**PROBLEM REQUIREMENTS:** Set down exactly the lines from the one containing "陈总向高温下坚守岗位的一线职" to the final line of the records below, with every picture omitted.

(RECORDS SUPPLIED Opens)

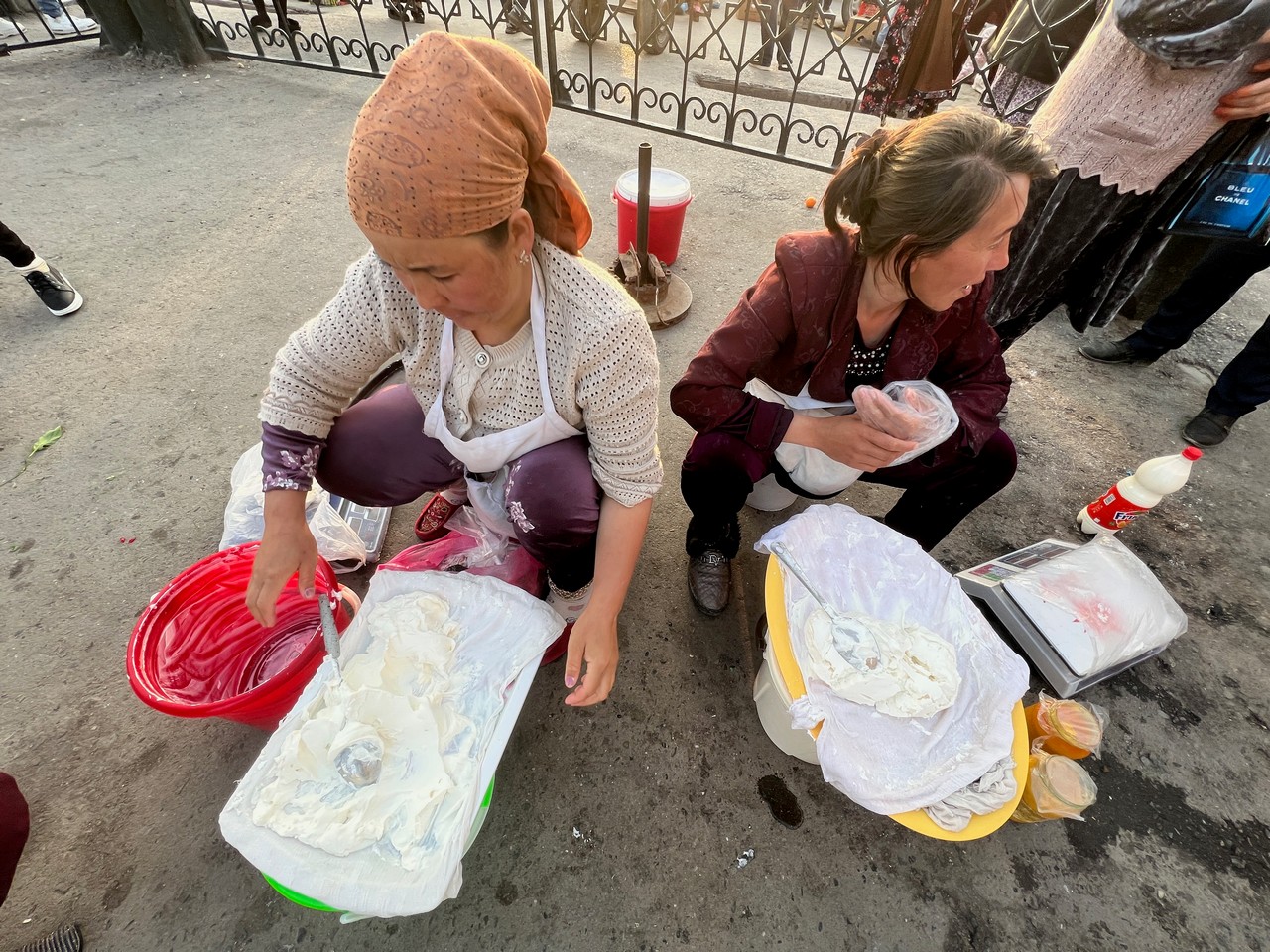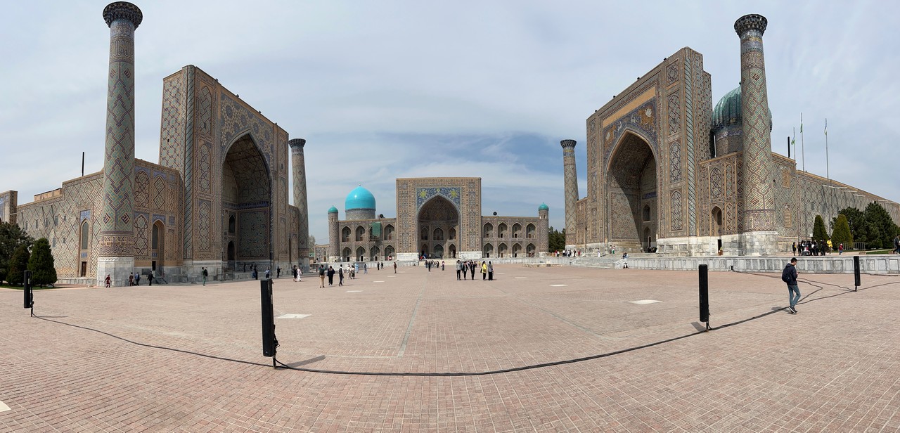 Obudziłem się w południe i w domu nie było już nikogo. Zgodnie z instrukcją Bozorboja zatrzasnąłem za sobą drzwi i ruszyłem na podbój miasta. Pierwszy cel był oczywisty: plac Registan i jego trzy muzułmańskie szkoły. Wcześniej musiałem tylko zjeść śniadanie i jakoś dojechać do centrum. Z jednym i z drugim poszło bez problemu. Spod domu dowiózł mnie do centrum miasta tramwaj z biletem za 30 groszy a śniadanie zjadłem na bazarze Siyob Dehqon, znajdującym się na tyłach meczetu Bibi-Khanym z przełomu XIV i XV wieku. Kupiłem dwa duże pierogi, które okazały się somsami – typowym tu daniem. Były wypełnione szpinakiem, upieczone w piecu tandoor i tak dobre, że dokupiłem jeszcze dwie. Popiłem pół litrem ręcznie wyciśniętego przede mną soku z granatów za 4 złote i po takiej uczcie byłem gotów na zwiedzanie. Fasada meczetu Bibi-Khanym przypominała do złudzenia madrasy z placu Registan, tylko że tych madras miały być trzy a ja stałem na przeciwko jednej wielkiej budowli.
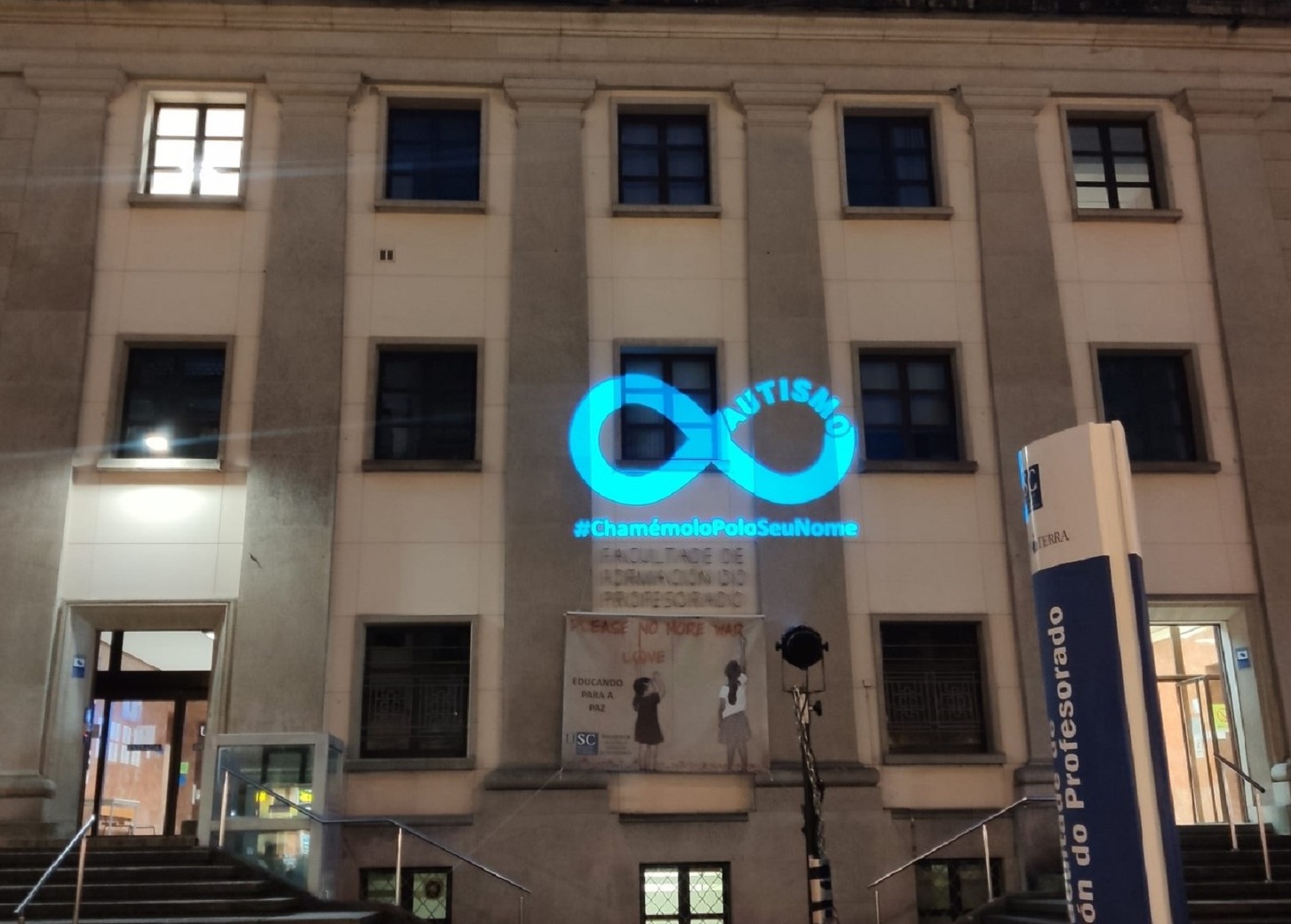 Un lazo luminoso de cor azul proxectado na fachada do centro universitario sobre o lema ‘Chamémolo polo seu nome’ sensibiliza sobre a necesidade de favorecer a integración social e a igualdade de oportunidades das persoas con autismo
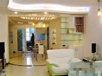 客廳和餐廳相連,但需要有所區(qū)分。設(shè)計師將餐廳地面設(shè)計成圓形,用深色瓷磚鋪設(shè)圓形的界限。與之相呼應(yīng),餐廳的天花也設(shè)計成圓形,中間設(shè)計一些木的假梁,吊燈從梁中間垂垂而下,視覺上比較有藝術(shù)效果,有田園之風(fēng),感覺好像從稻草中垂下。客廳的天花采用了圓弧形,流線型的天花,燈光在天花流線的邊緣透出,給人浪漫、自由的感覺?蛷d與餐廳交接處設(shè)計了放置裝飾品的玻璃層架,層架的下層設(shè)置木柜,方便主人放雜物。
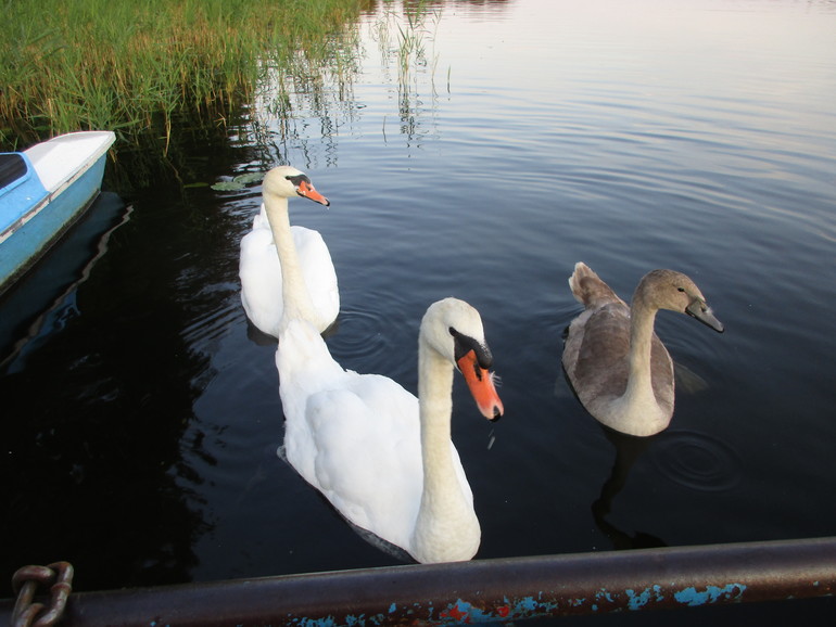 Семья лебедей проголодалась))
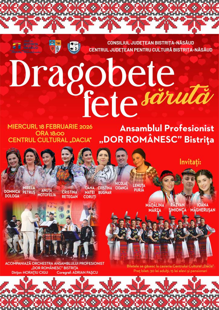 Dragobetele este sărbătorit românește la Bistrița printr-un spectacol de suflet susținut de artiștii Ansamblului Profesionist „Dor Românesc” și invitații lor. Evenimentul „Dragobete sărută fete” va avea loc miercuri, 18 februarie 2026, de la ora 18:00, la Centrul Cultural „Dacia”.
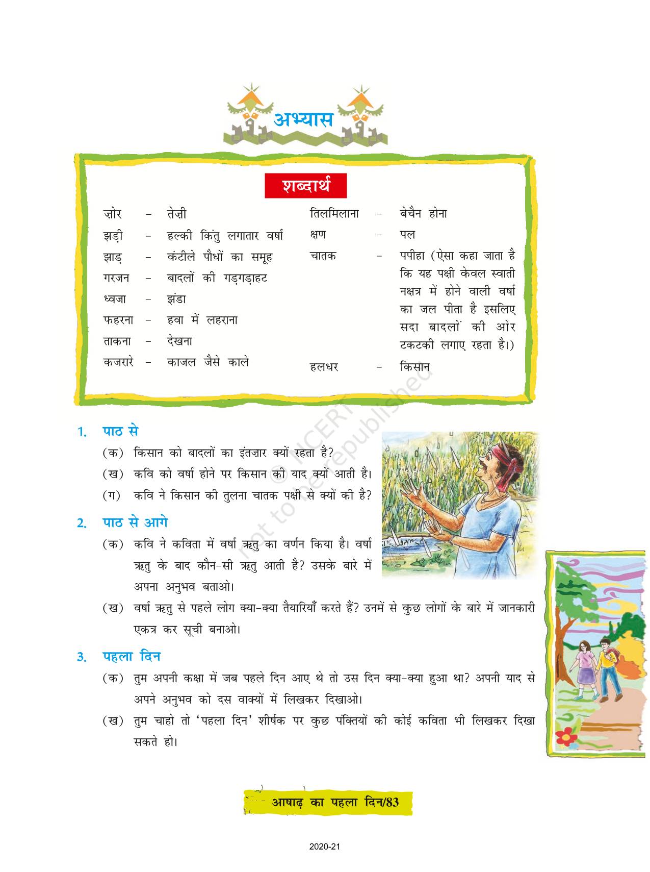 The time when students had limited options of choice for NCERT books wherein they need to go to the bookstore to buy the books but here at BeTrained.in, you can read the complete chapter-Ashaadh Ka Pahla Din of NCERT books for class 8 Hindi Durva Part 3. If CBSE class 8 students are finding it hard to search for NCERT Hindi Durva Part 3 books online, then this is the right place as we have provided the textbooks of NCERT chapter wise. These books are available on our website for free along with NCERT Solutions and Exemplar solutions.
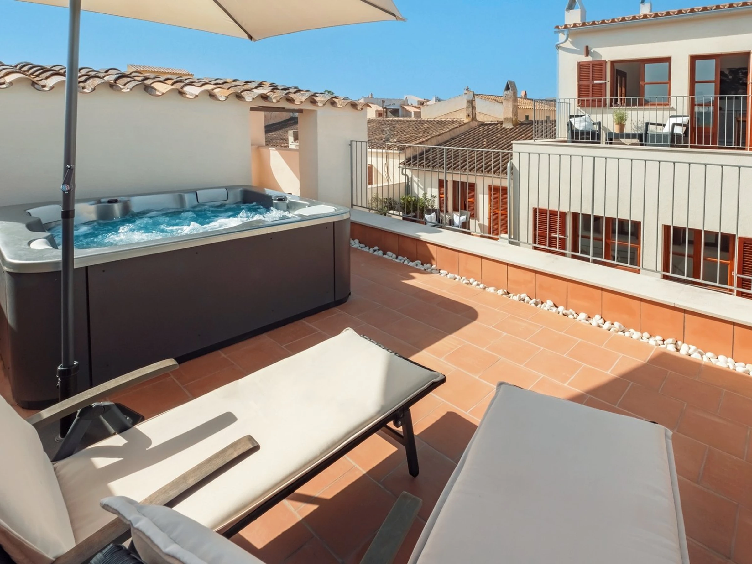 Die Unterkunft verfügt über terrasse, waschmaschine, trockner, grill, kamin, bügeleisen/-brett, safe, internet, balkon, fitnessraum, zentralheizung, klimaanlage, 1 Fernseher.
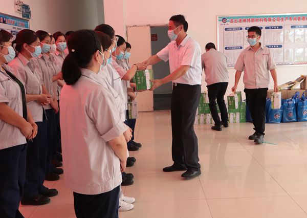 陈总向高温下坚守岗位的一线职工进行慰问,细心叮嘱要认真做好防暑降温和疫情防控工作,并送上绿豆、大米等防暑降温慰问品,为在炎炎夏日坚守一线的职工送来一份清凉,带来一片关怀。(神特宣)
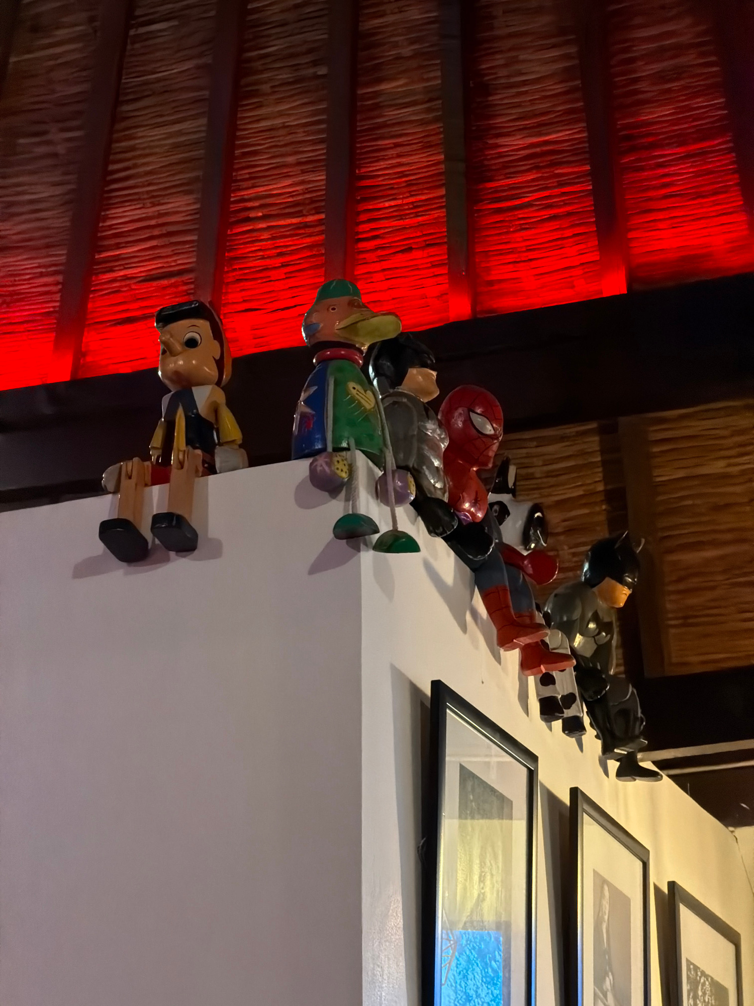 A still life photo shows a white ledge, likely a shelf, hosting a collection of character figurines and framed pictures. Starting from the front, a Pinocchio doll, wooden with movable limbs, stands onโฆread more
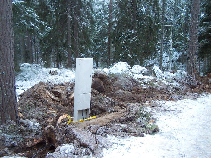 Komeetan sähkökaappi on työmaakopin alapuolella. Kuva
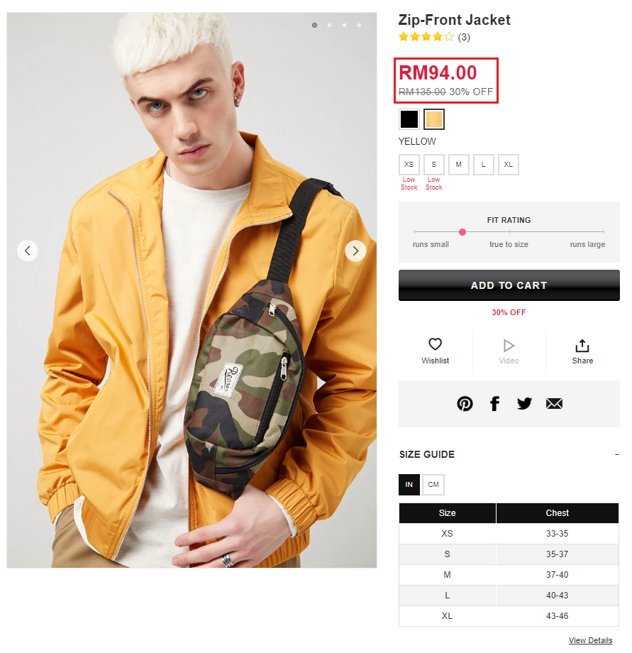 ▼ Zip-Front Jacket 折扣30%后只需RM94(原价RM135)

(RECORDS SUPPLIED Closes)

**EXERCISE SOLUTION:**
 陈总向高温下坚守岗位的一线职工进行慰问,细心叮嘱要认真做好防暑降温和疫情防控工作,并送上绿豆、大米等防暑降温慰问品,为在炎炎夏日坚守一线的职工送来一份清凉,带来一片关怀。(神特宣)
 A still life photo shows a white ledge, likely a shelf, hosting a collection of character figurines and framed pictures. Starting from the front, a Pinocchio doll, wooden with movable limbs, stands onโฆread more
 Komeetan sähkökaappi on työmaakopin alapuolella. Kuva
 ▼ Zip-Front Jacket 折扣30%后只需RM94(原价RM135)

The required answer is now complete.